The second-most populous country with over 1.18 billion people; the most populous democracy in the world; one of the fastest growing major economies in the world; and the second most favourable outsourcing destination after the United States; India is still grappling with the largest concentration of poor people in the world! Although the Indian economy has picked up much-desired momentum in the preceding decades; its growth is ruefully still lop-sided when comparing different social and economic groups, geographical regions, and rural and urban areas. A country, celebrating its 64th Independence Day today, has still ‘miles to go ahead’ before it sleeps!

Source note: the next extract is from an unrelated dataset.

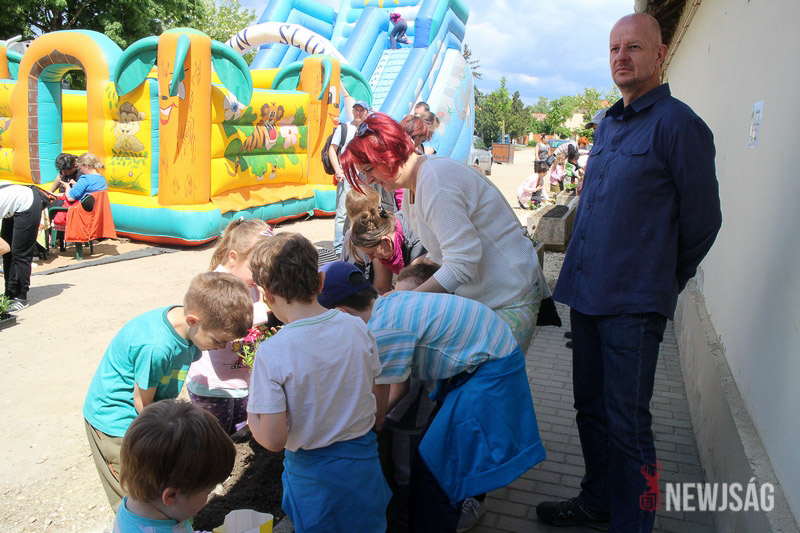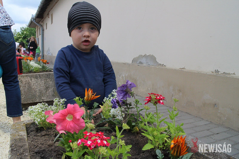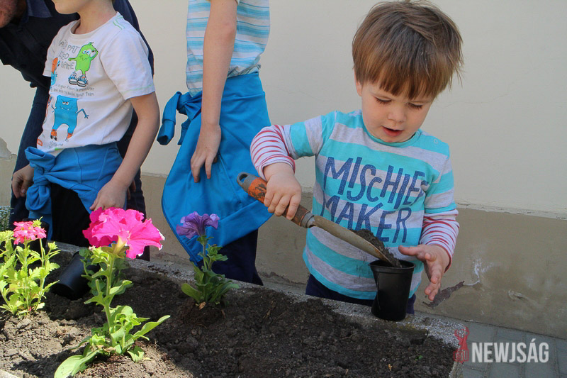 – Intézményi szinten is fontosnak tartjuk a szemléletformálást és a környezet megóvását. Zöld óvodaként nemcsak a jeles napokon, hanem a hétköznapokon is teszünk ennek érdekében: saját kis veteményt alakítottunk ki, és gondozzuk a virágokat az udvarunkon. A gyerekeket a természet szeretetére és védelmére neveljük, amiben ők maguk is aktívan részt vehetnek – árulta el Tóth Ágnes óvodapedagógus, miközben szorgos segítővel együtt egyre színesebb virágkompozíciókat alakít ki.

Education, food, shelter, basic health care, employment, potable drinking water, children and women welfare, still remain an elusive dream for the vast multitude of masses that lay at the heart and soul of an India of the new millennium. The existing squalor and abject poverty of these ‘amputated souls of India’ are woefully exacerbated by the skyrocketing price rise to the extent that even ‘hope becomes a dream’. Disasters, floods, droughts, earthquakes, visit this South Asian giant landmass as frequent as Hillary Clinton’s sojourn in West Asia and Afghanistan. The ‘real India’, the ‘poor India’, the ‘deprived India’ and the ‘aggrieved India’; is overshadowed, camouflaged and relegated into oblivion by the new ‘rejuvenated India’, ‘shining India’, the ‘smug India’ and the ‘well preened India’, typified by pockets of affluence with the perfunctory welfare state losing its avowed track mid-way and inadvertently relinquishing its commitment to deliver what was promised. An akratic sordid saga, of pain sans any prosthetic and stifled aspirations of a better life, lie beneath the veneer of ‘Mera Bharat Mahaan’ and ‘I Love My India’ campaigns.

Truth, as always, is seldom sweet or palatable, yet it makes sane minds cogitate. Understanding the casus belli and sincere admittance of reality is the first stride towards the realization of solution and resuscitate what has gone wrong or off the track. ‘DISHA ARAMBH (Initiation of new Direction) Towards Humanism’ is one such modicum step in this direction. It is a conflux where the best of minds and activists have pooled in with the subterranean zeitgeist to enable one and everyone realise dreams, however big or small they are! It is this that imparts us a precocious outlook. Our slogan, “I, We, Us” sums up best ‘what’ we are and ‘why’ we are. Its time our ‘individualism’ combines for ‘collective’ good. Let the ethos of ‘humanism’ with the props of human values and benevolent concerns permeate and prevail catalyzing lightened up faces and smiles emerging as spoors of our effort.